The day I finally got my remission papers, I felt like I had conquered the world. I drove home, my bald head covered by a cheap blue knit scarf. I was ready to celebrate. I thought maybe we could finally take that trip.
But when I opened the front door, the house was dead silent.
I walked into our bedroom. David’s closet doors were wide open. Every single hanger was empty. His shoes were gone. The dresser drawers were pulled out, cleared of his socks and t-shirts. There was a single sheet of paper on the kitchen island.
“I can’t do this anymore, Sarah. You’re not the woman I married. I need to live my life.”
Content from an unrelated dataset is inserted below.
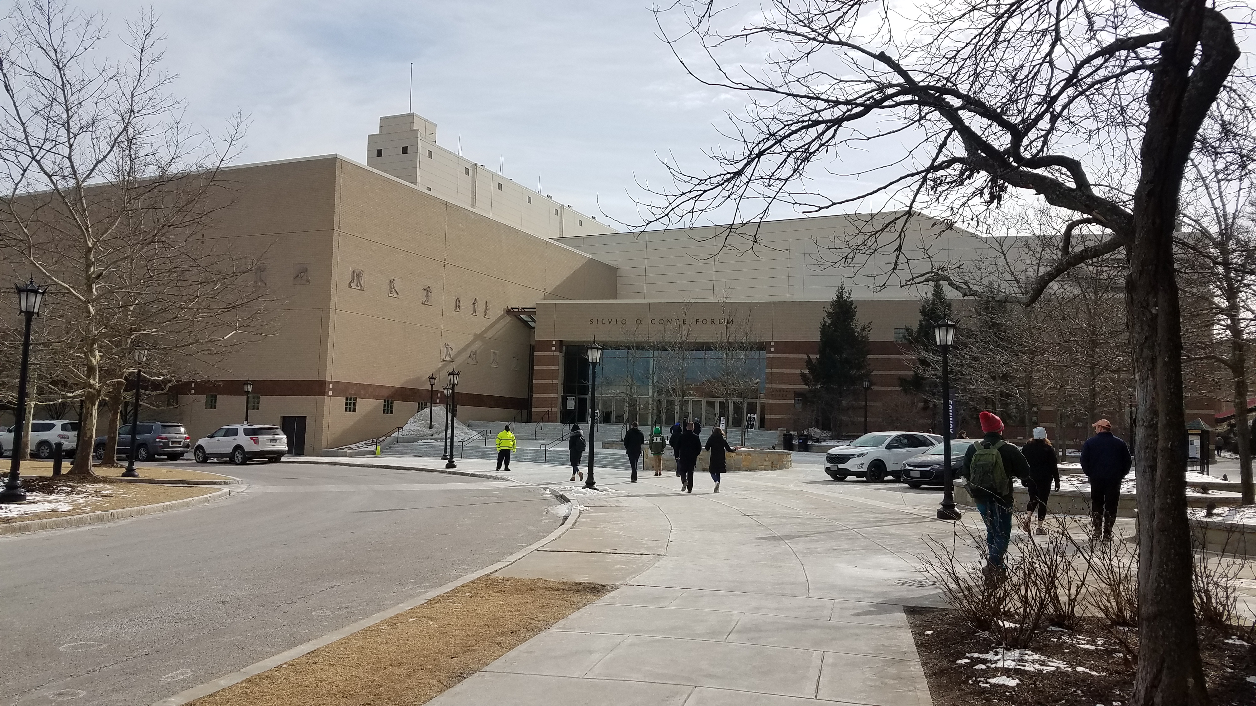 Conte Forum is adjoined by Alumni Stadium, while the east side of the building is quickly abbreviated as the hillside acts as a barrier. Thus, visitors have two looks to this arena, which is a drab brown and brick. Not exactly as appealing as the rest of the stone/gothic buildings on campus. “Silvio O. Conte Forum” is inscribed above each entrance and it is the south one that is a little more unique as the brick structure is slightly concave before reaching the doors. Plus, there is an eagle display out front. Small carvings of athletic poses can be found on some of the building and these cool visuals look much older than they really are.

I found out a week later from our neighbor. He hadn’t just left. He had moved into a luxury apartment downtown with Chloe. She was 28. A personal trainer at the gym where David spent his evenings while I was throwing up in our bathroom. He left me with $40,000 in unpaid medical bills. The insurance had covered some, but the copays were suffocating. I had to take out a second mortgage on our small house just to keep from being evicted.
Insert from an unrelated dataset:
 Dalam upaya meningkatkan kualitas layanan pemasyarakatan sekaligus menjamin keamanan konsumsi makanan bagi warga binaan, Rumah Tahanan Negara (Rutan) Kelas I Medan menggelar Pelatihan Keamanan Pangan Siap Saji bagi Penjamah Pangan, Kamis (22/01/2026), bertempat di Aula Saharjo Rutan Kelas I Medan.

For two years, I lived in survival mode. I went back to work at the dentist’s office, filing insurance claims all day. I wore scarves until my hair grew back in thin, graying curls. Not once did David call. Not on my birthday. Not when my mother died that winter. The neighborhood ladies would see me at the grocery store and look away. They knew David was downtown, buying Chloe a brand-new Jeep. They had seen his Facebook posts.
I kept my blue spiral notebook on the kitchen table. But now, it wasn’t for grocery lists.
It was a log of my debts. Every penny I owed to the hospital, the bank, the credit card companies. I wrote them down in neat columns. It was my daily reminder of what he had done to me.
Then, on a Tuesday in November, my phone rang. An unknown number. I answered. It was a raspy, weak voice.
“Sarah? It’s David.”
My stomach dropped. I didn’t say anything.